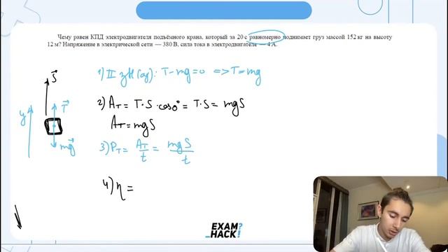 Чему равен КПД электродвигателя подъёмного крана, который за 20 с равномерно поднимает груз - №26251
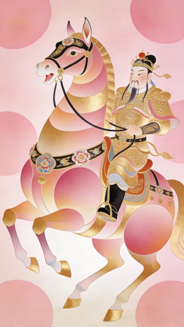 这幅作品以 “马上发财” 的吉祥寓意为核心,融合马年生肖与传统财神元素。粉橙渐变的柔和色调消解了传统财神的威严感,几何块面重构的造型保留了纹样华贵细节,又以现代扁平风赋予视觉新鲜感,传递出兼具文化底蕴与潮流审美的新年祝福。
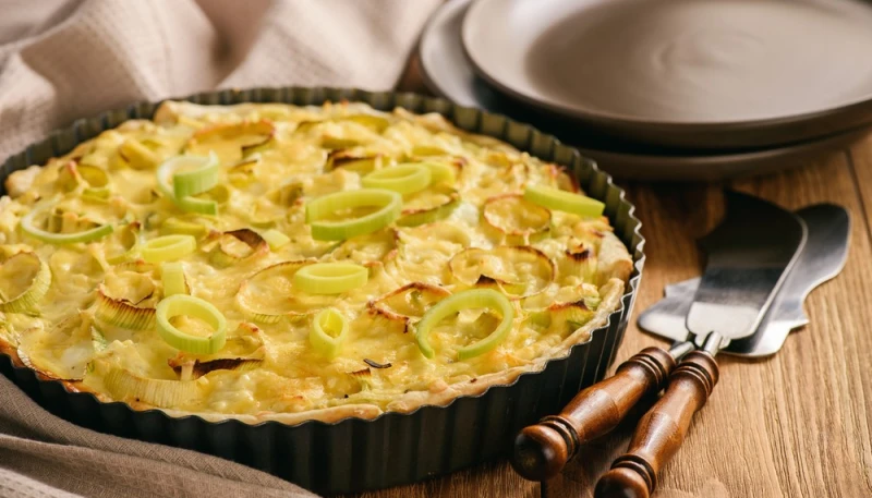 6° Piquez la pâte avec une fourchette, puis disposez-la sur les poireaux. Mettre au four et cuire pendant 25 minutes.
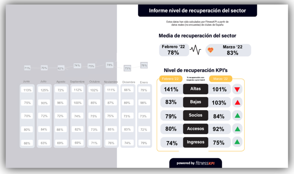 A tan solo un 17% de la recuperación completa, los datos de marzo son protagonistas por la recuperación en Socios, que se sitúa en el 84%, 5 puntos por encima del mes anterior. Este dato es muy esperanzador porque es el segundo mes consecutivo con una importante recuperación en el número de socios, y también porque todavía quedan dos meses antes del verano, abril y mayo, que podrían traer buenos datos de recuperación, según el Informe recuperación post Covid-19 en Marzo 2022 de Pablo Viñaspre

#### Your goal:
Write the listing again exactly, duplicating every line and skipping the pictures.

#### Result for this exercise:
 Чему равен КПД электродвигателя подъёмного крана, который за 20 с равномерно поднимает груз - №26251
 这幅作品以 “马上发财” 的吉祥寓意为核心,融合马年生肖与传统财神元素。粉橙渐变的柔和色调消解了传统财神的威严感,几何块面重构的造型保留了纹样华贵细节,又以现代扁平风赋予视觉新鲜感,传递出兼具文化底蕴与潮流审美的新年祝福。
 6° Piquez la pâte avec une fourchette, puis disposez-la sur les poireaux. Mettre au four et cuire pendant 25 minutes.
 A tan solo un 17% de la recuperación completa, los datos de marzo son protagonistas por la recuperación en Socios, que se sitúa en el 84%, 5 puntos por encima del mes anterior. Este dato es muy esperanzador porque es el segundo mes consecutivo con una importante recuperación en el número de socios, y también porque todavía quedan dos meses antes del verano, abril y mayo, que podrían traer buenos datos de recuperación, según el Informe recuperación post Covid-19 en Marzo 2022 de Pablo Viñaspre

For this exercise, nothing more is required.